World War 2 was financed by the Federal Reserve Bank. The Great Depression came to an end through a dreadful war that was likely brought on by the central bankers’ failure to finance economies in the Great Depression and prior to it:

 When the United States entered the war, the Board of Governors issued a statement indicating that the Federal Reserve System was “. . . prepared to use its powers to assure at all times an ample supply of funds for financing the war effort” (Board of Governors 1943, 2). Financing the war was the focus of the Federal Reserve’s wartime mission. This mission differed from the mission of the System before and after the war…

…Plans for financing the war were devised by the Treasury and the Federal Reserve. These organizations met frequently to determine how to finance the war and organize machinery for marketing United States government securities.

 The plan called for financing the war to the greatest extent possible through taxation and domestic borrowing.2 Paying for the war through levies on current incomes would minimize inflationary pressures, promote economic expansion during the war, and promote economic stability when peace returned.

 To direct the savings of American citizens into the war effort, the Treasury and Federal Reserve marketed a range of securities that would fit the needs of all classes of investors, from small savers who wished to invest for the duration of the war to large corporations with temporarily idle funds. To distribute these securities, the twelve Federal Reserve Banks organized Victory Fund committees and established plans to market war bonds in cooperation with commercial banks, businesses, and volunteers.
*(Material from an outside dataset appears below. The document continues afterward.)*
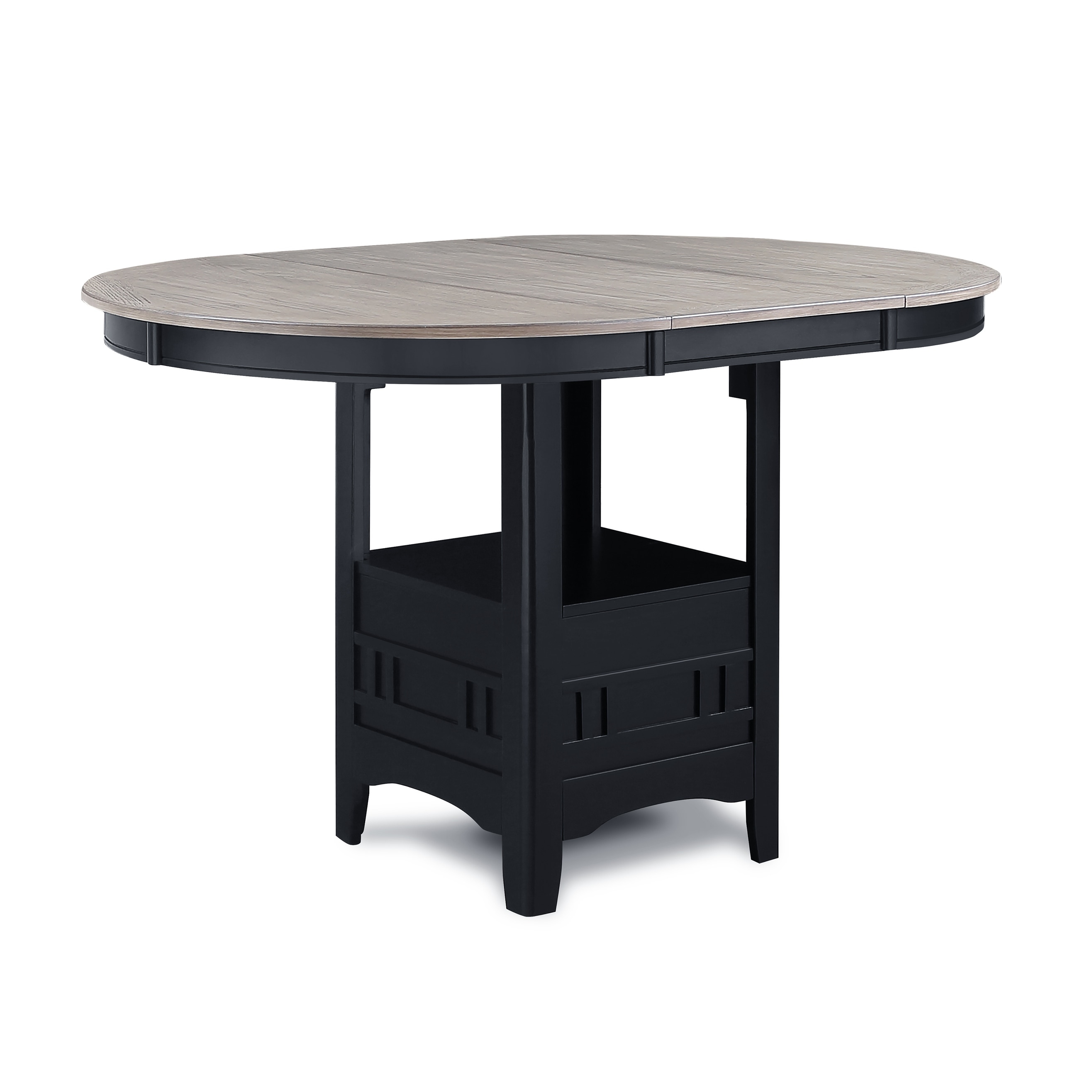1pc Casual Counter Height Kitchen 18" Extendable Leaf Storage Table Pedestal Base Design Wooden Dining Room Charcoal

This article proves that the Federal Reserve played a heroic part in the war effort with the efforts it made to market the war bonds. The quote above comes from it. Unfortunately, that heroic aspect of the Fed has disappeared entirely. It is now looked upon as a failed institution that helped some with the establishment of QE, but ravaged the middle class in favor of the richest by doing so. Asset increases, much of which was based upon mispriced risk, made money for American business but also hurt the middle class. Mispriced risk for assets caused booms and busts as the Bank of America stated.